*WHAT IS EXPECTED*
With pictures excluded, copy word for word the lines in the data below from the line containing "6月17日,在廣西武宣縣祿新鎮(zhèn)上堂村稻蝦輪作養(yǎng)殖示范基地,村民將捕蝦籠拋入蝦塘中。新華社記者 曹祎銘 攝" through the line containing "La ficha 24/SB".

*RECORDS SUPPLIED*
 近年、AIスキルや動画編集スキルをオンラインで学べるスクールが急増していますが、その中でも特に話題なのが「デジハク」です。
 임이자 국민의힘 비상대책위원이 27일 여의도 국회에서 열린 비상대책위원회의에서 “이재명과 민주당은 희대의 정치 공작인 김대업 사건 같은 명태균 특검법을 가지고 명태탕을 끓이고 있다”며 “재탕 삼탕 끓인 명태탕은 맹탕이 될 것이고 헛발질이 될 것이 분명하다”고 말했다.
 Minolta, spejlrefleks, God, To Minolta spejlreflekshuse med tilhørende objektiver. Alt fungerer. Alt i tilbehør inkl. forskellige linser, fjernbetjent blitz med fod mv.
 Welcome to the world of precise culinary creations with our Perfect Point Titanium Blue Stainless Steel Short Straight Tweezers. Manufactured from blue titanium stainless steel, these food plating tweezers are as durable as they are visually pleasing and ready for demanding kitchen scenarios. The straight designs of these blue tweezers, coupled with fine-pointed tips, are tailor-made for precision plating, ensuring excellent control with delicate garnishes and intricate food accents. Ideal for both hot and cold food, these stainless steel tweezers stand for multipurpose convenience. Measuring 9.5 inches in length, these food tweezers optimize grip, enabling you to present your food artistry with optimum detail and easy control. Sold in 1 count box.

--

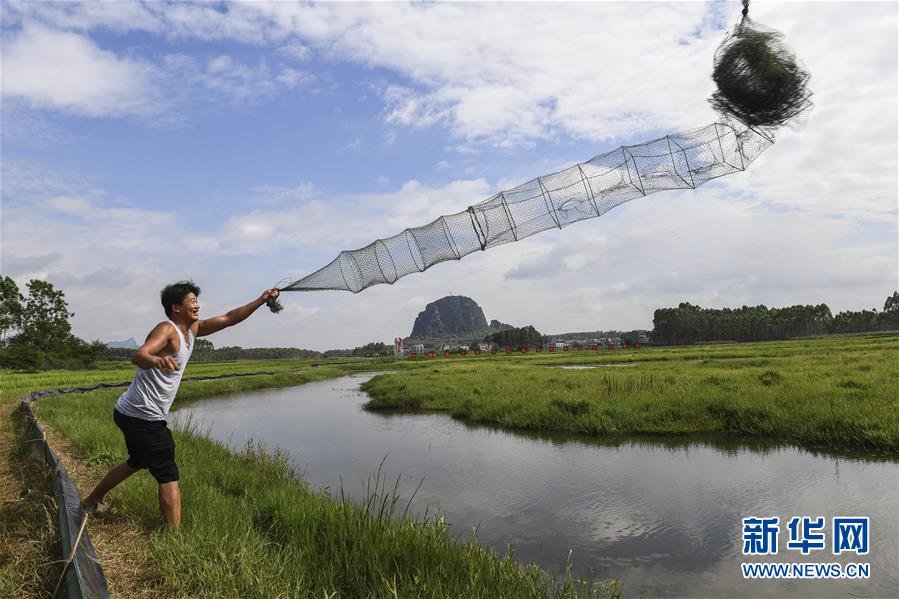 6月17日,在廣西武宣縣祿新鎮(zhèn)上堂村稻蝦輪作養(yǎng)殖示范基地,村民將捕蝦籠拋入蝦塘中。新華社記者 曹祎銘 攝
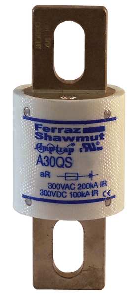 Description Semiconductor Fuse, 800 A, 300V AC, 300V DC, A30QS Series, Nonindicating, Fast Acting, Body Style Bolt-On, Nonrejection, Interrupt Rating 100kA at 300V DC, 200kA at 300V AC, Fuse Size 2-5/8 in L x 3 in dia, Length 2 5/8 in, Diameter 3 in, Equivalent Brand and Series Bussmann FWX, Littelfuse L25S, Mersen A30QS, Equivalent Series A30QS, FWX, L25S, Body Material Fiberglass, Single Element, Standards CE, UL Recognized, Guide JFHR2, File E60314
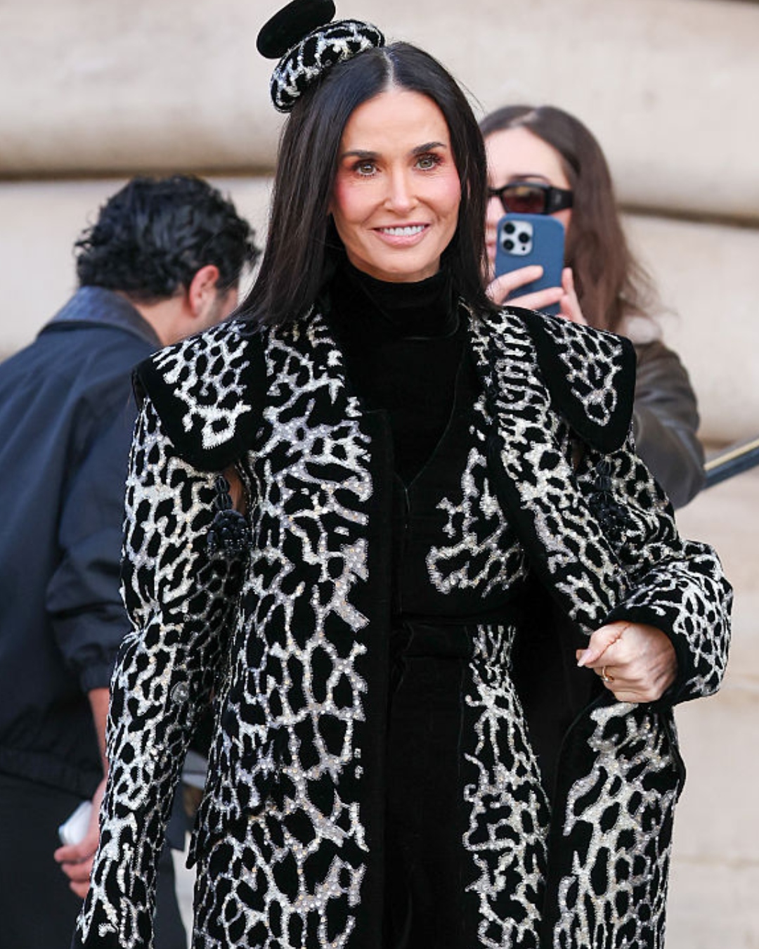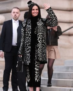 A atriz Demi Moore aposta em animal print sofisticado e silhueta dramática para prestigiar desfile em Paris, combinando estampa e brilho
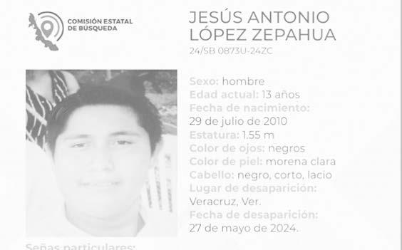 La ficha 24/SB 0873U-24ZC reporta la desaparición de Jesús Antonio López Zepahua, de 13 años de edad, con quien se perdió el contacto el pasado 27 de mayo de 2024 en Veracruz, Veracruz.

==

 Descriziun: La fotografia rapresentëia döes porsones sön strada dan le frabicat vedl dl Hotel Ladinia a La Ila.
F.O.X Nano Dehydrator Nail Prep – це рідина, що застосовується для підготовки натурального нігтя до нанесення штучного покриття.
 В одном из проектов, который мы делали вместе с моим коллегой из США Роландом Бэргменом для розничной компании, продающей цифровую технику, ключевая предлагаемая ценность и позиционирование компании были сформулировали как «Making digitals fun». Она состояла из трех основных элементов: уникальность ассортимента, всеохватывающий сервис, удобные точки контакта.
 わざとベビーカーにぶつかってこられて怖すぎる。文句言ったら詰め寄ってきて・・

*RESPONSE TO THE TASK*
 6月17日,在廣西武宣縣祿新鎮(zhèn)上堂村稻蝦輪作養(yǎng)殖示范基地,村民將捕蝦籠拋入蝦塘中。新華社記者 曹祎銘 攝
 Description Semiconductor Fuse, 800 A, 300V AC, 300V DC, A30QS Series, Nonindicating, Fast Acting, Body Style Bolt-On, Nonrejection, Interrupt Rating 100kA at 300V DC, 200kA at 300V AC, Fuse Size 2-5/8 in L x 3 in dia, Length 2 5/8 in, Diameter 3 in, Equivalent Brand and Series Bussmann FWX, Littelfuse L25S, Mersen A30QS, Equivalent Series A30QS, FWX, L25S, Body Material Fiberglass, Single Element, Standards CE, UL Recognized, Guide JFHR2, File E60314
 A atriz Demi Moore aposta em animal print sofisticado e silhueta dramática para prestigiar desfile em Paris, combinando estampa e brilho
 La ficha 24/SB 0873U-24ZC reporta la desaparición de Jesús Antonio López Zepahua, de 13 años de edad, con quien se perdió el contacto el pasado 27 de mayo de 2024 en Veracruz, Veracruz.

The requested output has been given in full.